One of these days, when he went in, he found the queen sweeping up the dauphin's room, who was unwell. He stopped on the sill, let his head sink on his breast, and sighed:

"Ah, my lady, this is sorry work for a Queen of France, and if they could see from Vienna what you are doing here! Who would have thought that, in uniting you to my fate, I should ever bring you so low?"

"Do you reckon it as nothing," replied Marie Antoinette, "this glory of being the wife of the best and most persecuted of men?"

This was spoken without an idea there were hearers; but all such sayings were picked up and diffused to embroider with gold the dark legend of the martyr king.

CHAPTER XXV.

MASTER GAMAIN TURNS UP

One morning, while these events were occurring at the temple, a man wearing a red shirt and cap to match, leaning on a crutch to help him to hobble along, called on the Home Secretary, Roland. The minister was most accessible; but even a republican official was forced to have ushers in his ante-chamber, as went on in monarchical governments.

"What do you want?" challenged the servant of the man on the crutch.

"I want to speak with the Citizen Minister," replied the cripple.

Since a fortnight, the titles of citizen and citizeness had officially replaced all others.

"You will have to show a letter of audience," replied the domestic.

"Halloo! I thought that was all very fine fun in the days when the tyrant ruled, but folks ought to be equals under the Republic, or at least not so aristocratic."

This remark set the servant thinking.

"I can tell you that it is no joke," continued the man in red, "to drag all the way from Versailles to do the Secretary of State a service and not to get a squint of him."

"Oh, you come to do Citizen Roland a service, do you?"

"To show up a conspiracy."

"Pooh! we are up to our ears in conspiracies. If that is all you came from Versailles for, I suggest you get back."

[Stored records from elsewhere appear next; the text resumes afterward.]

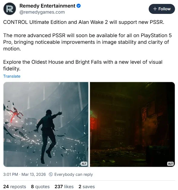 „Jakmile bude nové PSSR k dispozici, automaticky hry vylepší. V Alan Wake 2 dojde ke zlepšení v několika problémových oblastí, jako jsou například blikající ploty, elektrické vedení a podobně. Neměl jsem moc času to sledovat, protože nás zaměstnává CONTROL Resonant,“ dodal na sociální síti X Thomas Puha z Remedy.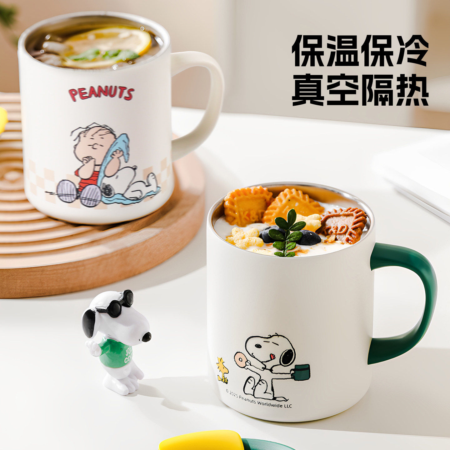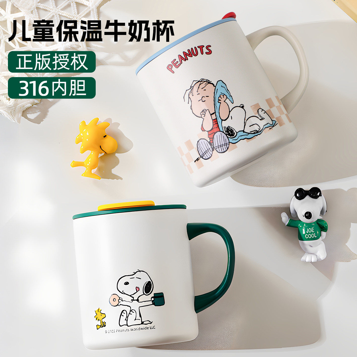 史努比儿童水杯家用316不锈钢牛奶杯带刻度保温马克把手杯吸管杯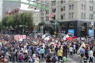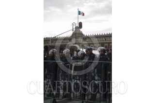 MÉXICO, D.F., 18OCTUBRE2012.- Estudiantes y maestros de la Universidad Autónoma de la Ciudad de México realizaron una marcha de la sede de la secretaría de Educación del DF al Zócalo. La movilización se da luego de que el día ayer se anunciaron avences en las negociaciones para destrabar el conflicto estudiantil, sin embargo, la instalación del Tercer Consejo Universitario aún so se ha dado, siendo una de las principales demandad para una solución. Aunque se hablaba de que el próximo lunes se podrían entregar los planteles, los uacemitas en huelga negaron este hecho, ya que señalan que la rectora María Esther Orozco es la principal opositora a reconocer a algunos de los integrantes de este consejo universitario. A la llegada de los manifestantes al Zócalo se encontraron rodeado de policias federales porque en esos momentos se llevaba acabo un evento del Presidente. FOTO: SANDRA PÉREZ /CUARTOSCURO.COM

"I don't mind; but your minister will be deuced sorry for not seeing me."

"It is the rule. Write to him and get a letter of audience; then you will get on swimmingly."

"Hang me if it is not harder to get a word in to Minister Roland than to his majesty Louis XVI. that was."

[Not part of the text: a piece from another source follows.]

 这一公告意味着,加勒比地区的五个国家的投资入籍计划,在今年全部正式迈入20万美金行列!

"What do you know about that?"

"Lord help your ignorance, young man; there was a time when I saw the king whenever I pleased; my name would tell you that."

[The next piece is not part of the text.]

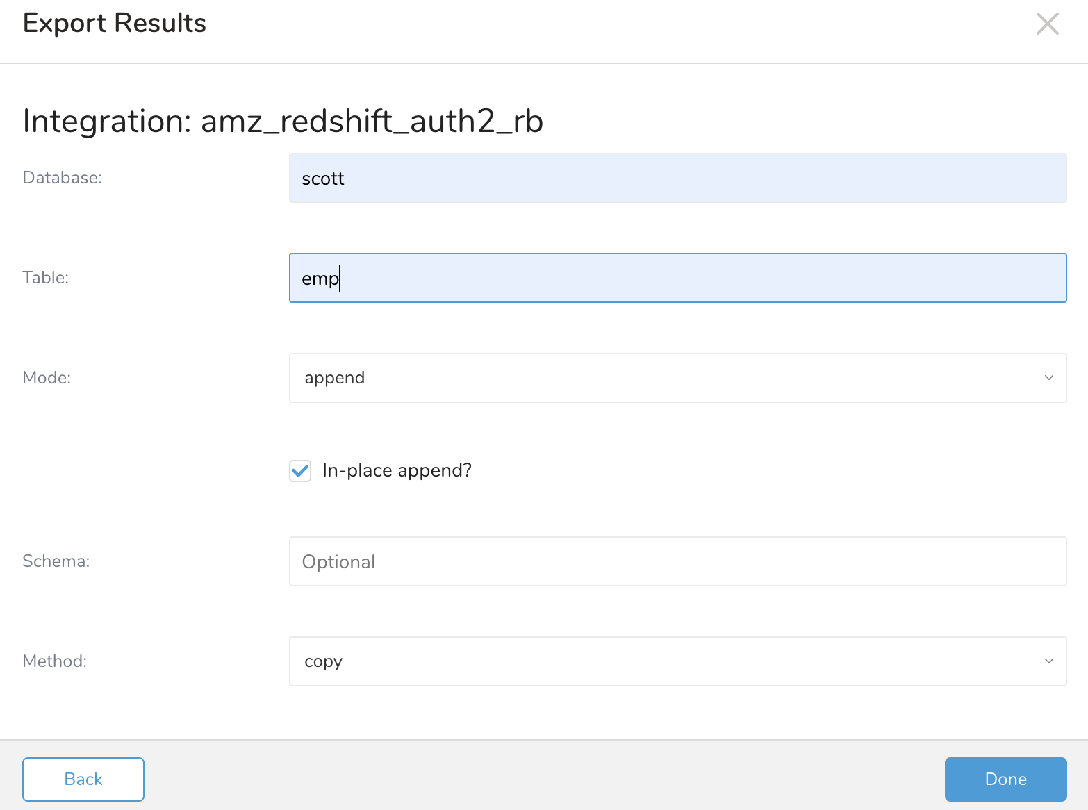--result 'redshift://username:password@host.redshift.amazonaws.com/database/table?mode=replace' \

"What is your name? Are you King Frederick William or the Emperor Francis?"

"No; I am not a tyrant or a slave-driver – no aristo – but just Nicholas Claude Gamain, master of the masters of my trade of locksmithery. Did you never hear of Master Gamain who taught the craft to old Capet?"

The footman looked questioningly at his fellows, who nodded.

"Then it is another pair of shoes. Write your name on a sheet of paper, and I will send it in to the Home Secretary."

"Write? It is all very easy to say write, but I was no dabster at the pen before these villains tried to poison me; and it is far worse now. Just look how they doubled me up with arsenic."

He showed his twisted legs, deviated spine, and hand curled up like a claw.

"What! did they serve you out thus, poor old chap?"

"They did. And that is what I have come to show the Citizen Minister, along with other matters. As I hear they are getting up the indictment against old Capet, what I have to tell must not be lost for the nation."

Five minutes afterward, the locksmith was shown into the official's presence.

The master locksmith had never, at the height of his fortune and in the best of health, worn a captivating appearance; but the malady to which he was a prey, articular rheumatism in plain, while twisting his limbs and disfiguring his features, had not added to his embellishments. The outcome was that never had an honest man faced a more ruffianly looking rogue than Roland when left alone with Gamain.

The minister's first feeling was of repugnance; but seeing how he trembled from head to foot, pity for a fellow-man, always supposing that a wretch like Gamain is a fellow to a Roland, led him to use as his first words:

"Take a seat, citizen; you seem in pain."

"I should rather think I am in pain," replied Gamain, dropping on a chair; "and I have been so ever since the Austrian poisoned me."